Adianto, desde já, que não me darei ao trabalho de responder a pessoas de
baixo nível.
Respeito o conhecimento e a educação, tanto no nível privado quanto no
âmbito escolar. Faço uso de minha liberdade para instruir-me e sou
inteiramente responsável por meus atos, não sendo pusilânime. Jamais
escondo o que faço e nem o faço sorrateiramente, tampouco ajo formando
quadrilhas. Apenas cumpro o meu dever.
Há anos, a legislação obriga que a Filosofia seja uma disciplina
permanente no currículo do Ensino Médio. Alguns fracos motivos são alegados
para isso e me chama a atenção a falsa densidade de um argumento sempre
recorrente: “A Filosofia foi retirada dos currículos escolares porque os militares
não queriam que as pessoas pensassem.”
Em primeiro lugar, não estou aqui para defender qualquer regime político
não democrático, seja de esquerda, de direita, capitalista, militar, fascista ou
comunista. Com a graça de Deus, a Quem amo e temo, sou espiritualista e não
abro mão nem do exercício do livre-pensamento nem das conquistas supremas
do liberalismo. De fato, cultivo eterno gosto pela boa leitura e a equilibrada
instrução, mesmo bebendo em eventuais fontes filosóficas e hoje preferindo, de
longe, a leitura de obras literárias. Todavia, muitas inverdades são ditas a esmo
e com tanta insistência que até bloqueiam nosso pensamento.

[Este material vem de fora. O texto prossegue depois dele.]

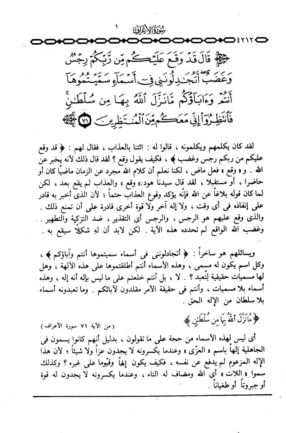 لقد كان يكلمهم ويكلمونه، قالوا له: ائتنا بالعذاب، فقال لهم: {قَدْ وَقَعَ عَلَيْكُمْ مِّن رَّبِّكُمْ رِجْسٌ وَغَضَبٌ} ، فكيف يقول وقع؟ لقد قال ذلك لأنه يخبر عن الله. و «وقع» فعل ماض، لكنا نعلم أن كلام الله مجرد عن الزمان ماضياً كان أو حاضرا، أو مستقبلا، لقد قال سيدنا هود: «وقع» والعذاب لم يقع بعد، لكن لما كان قوله بلاغاً عن الله فإنّه يؤكد وقوع العذاب حتماً؛ لأن الذي أخبر به قادر لما كان قوله بلاغاً عن الله فإنّه يؤكد وقوع العذاب حتماً؛ لأن الذي أخبر به قادر على إنقاذه في أي وقت، ولا إله آخر ولا قوة أخرى قادرة على أن تمنع ذلك. والذي وقع عليهم هو الرجس، والرجس أي التقذير، ضد التزكية والتطهير. وغضب الله الواقع لم تحدده هذه الآية. لكن لا بد أن له شكلاً سيقع به.
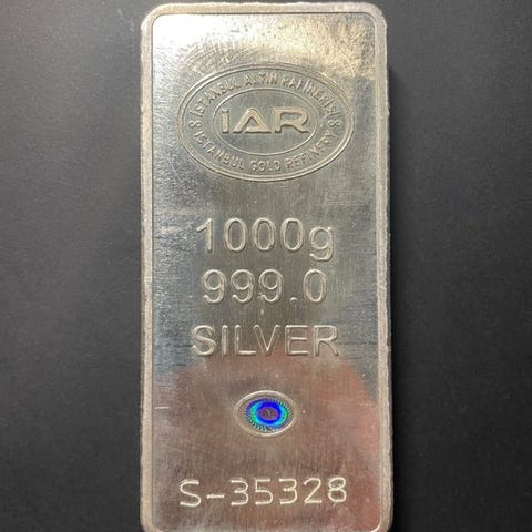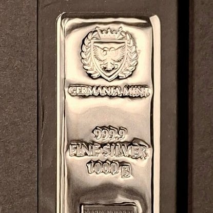 En 1 kg sølvbar med .999 renhed fra H. Drijfhout & Zoon i Nederlandene, med dimensionerne 9 cm × 4 cm × 2,5 cm. Klik på den blå "gå til varen" knap, for at købe eller byde på denne vare. Den samlede pris vil blive vist inden du afgiver dit bud.

Não nos enganemos: Filosofia não ensina ninguém a pensar. Sim,
ninguém é mais sabido nem mais inteligente porque filosofa ou porque, pior,
possui diplomas em Filosofia. Aliás, tal é a primeira inverdade dita e
consagrada com louvor no mundo acadêmico. E vejam que não é a única
mentira jorrada aos quatro ventos por pessoas que não têm compromisso com
a correção, o trabalho, a ética e o ensino. Filósofos acadêmicos também dizem
coisas do tipo: “quem filosofa em alemão filosofa mais profundo”; “Filosofia é o
conhecimento por excelência”; “Filosofia é a rainha das ciências”; “Filosofia é a
Verdade”; “a Filosofia matou Deus”, etc.
Quem dera que a Filosofia fosse a única condição do bom pensamento.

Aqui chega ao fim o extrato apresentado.